John Coates said that, a month after agreeing to do the film, Blake and Jackson told him that the subject was too dark and they were not going to proceed with it, but several hours of persuasion from Coates brought them back on board.

In Turning the Page: Children's Literature in Performance and the Media Fiona Collins said that while Burningham's book is open ended, with Emily ultimately left alone to contemplate her grandfather's death, the film offers a less "stark" interpretation; his death is explored through her implied remembrance of him in the final scene. Collins felt that was probably because the original offered an unremittingly bleak ending which would be difficult for its intended child audience. The film was entirely financed by Channel 4 and cost over £1 million to make according to Coates. It was first broadcast on the channel on New Year's Eve 1989 at 6:30 pm.

==Music==
The musical score was written and composed by Howard Blake and is almost in the form of a miniature opera, with many of the tales within the animation sung by the lead characters and children from the Wroughton Middle School choir (winners of BBC Choir of the Year) accompanied by a 40-piece orchestra (the Sinfonia of London).

The end title song "Make Believe" is performed by Sarah Brightman and has the theme of "Auld Lang Syne" as a counter-melody.

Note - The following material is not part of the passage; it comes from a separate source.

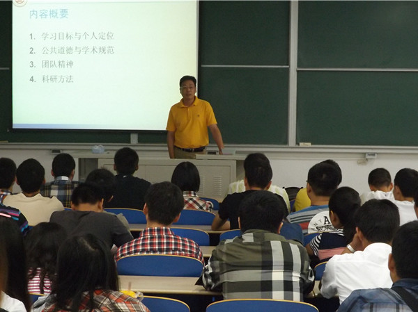 讲座中,林京首先向大家分析了作为一名研究生的主要任务,他强调从本科到研究生的跨越远大于从高中向大学的跨越,研究生阶段作为一个从学生时代向社会的过度阶段,需要重点掌握面临具体问题的解决方法,同时更应注意教材之外知识的涉猎和为人处事能力的锻炼。林京从四方面重点介绍了作为研究生应如何发掘自己:一、树立学习目标,找准个人定位。通过引用《礼记•学记》中“君子曰:‘大德不官,大道不器,大信不约,大时不齐。察于此四者,可以有志于学矣’” 来告诫大家在研究生学习过程中应明确自己要学到和追求的东西;二、秉持公共道德,遵守学术规范。他结合自己学生的亲身经历向大家讲述了公共道德与学术规范的重要性和必要性,并提到了在我们工作和生活中情商的重要作用;三、培养团队意识,发扬团队精神。即在完成一件工作或一项课题时,要有积极主动的工作作风、热情乐观的生活态度、团结协作的团队精神;四、掌握科研方法。主要针对科研结果的整理与论文写作方面的具体方法进行了详细的阐述和解读。

The song was released as a single at the time.

==Reception==
The film won the Prix Jeunesse Special Prize in children's television programming in 1990. Rotten Tomatoes called the film "a sensitive and life-affirming animated adaptation".

The "Toonhound" review says that the film takes the tone of the ending of The Snowman even further, "exploring an aspect of life rarely approached in animated form." While writing Dianne Jackson's obituary in 1993, Paul Madden wrote that the film "was less of immediate popular appeal than The Snowman, but was perhaps more satisfying to her creatively, demanding a more subtle approach." Toonhound said, "Just like that film there is a tangible sense of loss at the end; a loss which builds with repeated viewings. You know that Granpa won't be playing with Emily for much longer, and what's more, you're aware that he knows this too."

==Ownership==
The film has rarely been repeated and has never been released on DVD. A special screening was arranged for Peter Ustinov to see the film, as he had been away in the United States on the day which it was broadcast. After TVS lost their licence in December 1992, they sold their film library, including Granpa. The title went through MTM Enterprises, Family Channel, Fox Kids, and finally Disney. The film was aired for the final time on the 23rd of December 1999. The film is believed to be confined to the Disney Vault.